Nu komt de tijd van de steeds toenemende activiteit van de ziel. In de lente en de zomer moesten we ons aan de wereld overgeven, nu geeft de wereld zich aan ons - maar we zullen in toenemende mate innerlijk actief moeten worden. We kunnen niet wachten tot de kracht uit de wereldgeest ons het zelfbewustzijn brengt. We moeten ons scheppen door actief te zijn - zonder verlangen naar innerlijk rusten. Alleen dan beroert de wereldgeest de mensengeest en brengt licht in de ziel die duister zou blijven als zij passief zou willen blijven.

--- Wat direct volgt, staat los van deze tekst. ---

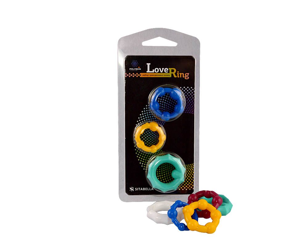 Набор эластичных эрекционных колец для продления сексуального удовольствия. Кольца имеют различный размер, цвет и оригинальную форму. Эластичный немецкий материал хорошо растягиваются, но при этом обеспечивают достаточное давление. Размер упаковки 17 см/8 см/2 см. Масса брутто 25 гр.
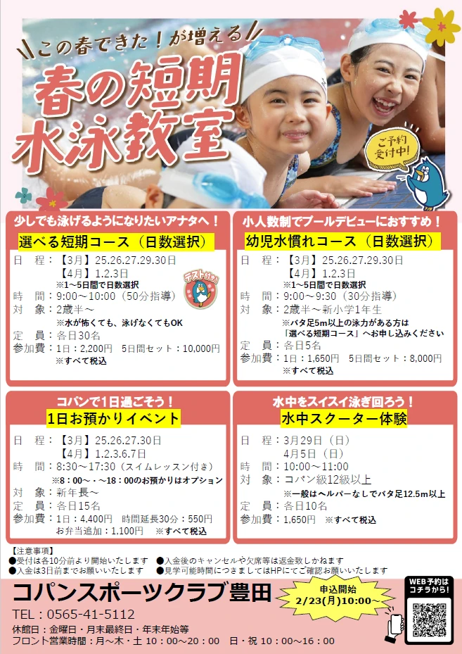 【春休みはコパンでスイミング!】

Zich zelf steeds scheppend, Wordt ziele-zijn zichzelf gewaar; De Wereldgeest streeft voort In zelfkennis nieuw tot leven gebracht En schept uit duisternis van de ziel De wilsvrucht van de zelfgewaarwording.
Sich selbst erschaffend stets, Wird Seelensein sich selbst gewahr; Der Weltengeist, er strebet fort In Selbsterkenntnis neu belebt Und schafft aus Seelenfinsternis Des Selbstsinns Willensfrucht.
Deze weekspreuken zijn door Rudolf Steiner gegeven in 1912 / 1913: Anthroposophischer Seelenkalender.